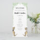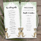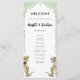 Funny Dinosaurier Thema Hochzeitstag Programm mit Spaß Dinosaurierbride und Bräutigam und Aquarell eucalyptus foliage. Einfach mit den Namen der Braut und der Bräuche, dem Hochzeitstag und allen Einzelheiten der Hochzeitstagsfeier in modernem Typografie-Skript anpassen. T-Rex Braut und Bräutigam Dino Illustrationen in braunen Tönen und botanischen Aquarellen in grünen Farbtönen. Originelle Dino-Kunstwerke der Künstlerin Catherine Sweetman
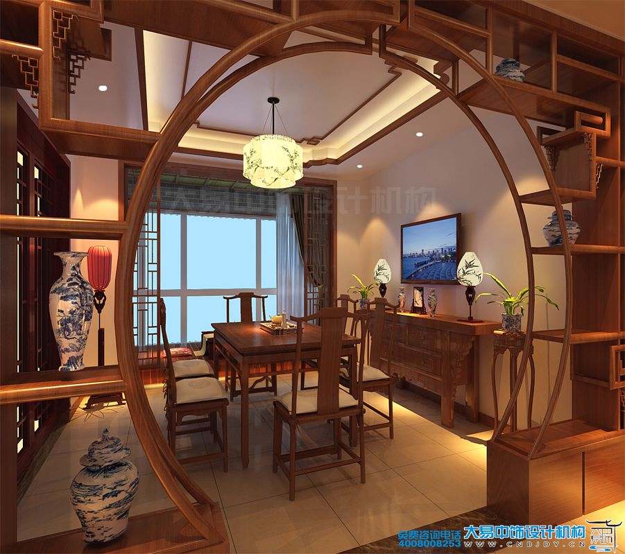 餐廳中式設計裝修,略帶和室風,陽臺的落地窗給予室內極好的光線,加上淺色調搭配,一體化的配置,從軟隔博古架月洞門到電視機條案,木質的清香與紋理徐徐鋪展開來,點綴了餐廳空間的溫馨與韻味。
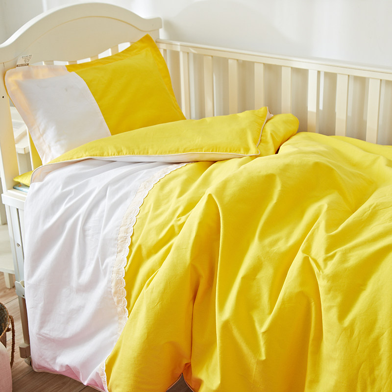 Custom-made solid color embroidered LOGO kindergarten quilt three-piece cotton mattress nap into the garden Six-piece set of early education

#### Work order
What you return should be the whole listing, word for word, without its pictures.

#### Result of this exercise
 Funny Dinosaurier Thema Hochzeitstag Programm mit Spaß Dinosaurierbride und Bräutigam und Aquarell eucalyptus foliage. Einfach mit den Namen der Braut und der Bräuche, dem Hochzeitstag und allen Einzelheiten der Hochzeitstagsfeier in modernem Typografie-Skript anpassen. T-Rex Braut und Bräutigam Dino Illustrationen in braunen Tönen und botanischen Aquarellen in grünen Farbtönen. Originelle Dino-Kunstwerke der Künstlerin Catherine Sweetman
 餐廳中式設計裝修,略帶和室風,陽臺的落地窗給予室內極好的光線,加上淺色調搭配,一體化的配置,從軟隔博古架月洞門到電視機條案,木質的清香與紋理徐徐鋪展開來,點綴了餐廳空間的溫馨與韻味。
 Custom-made solid color embroidered LOGO kindergarten quilt three-piece cotton mattress nap into the garden Six-piece set of early education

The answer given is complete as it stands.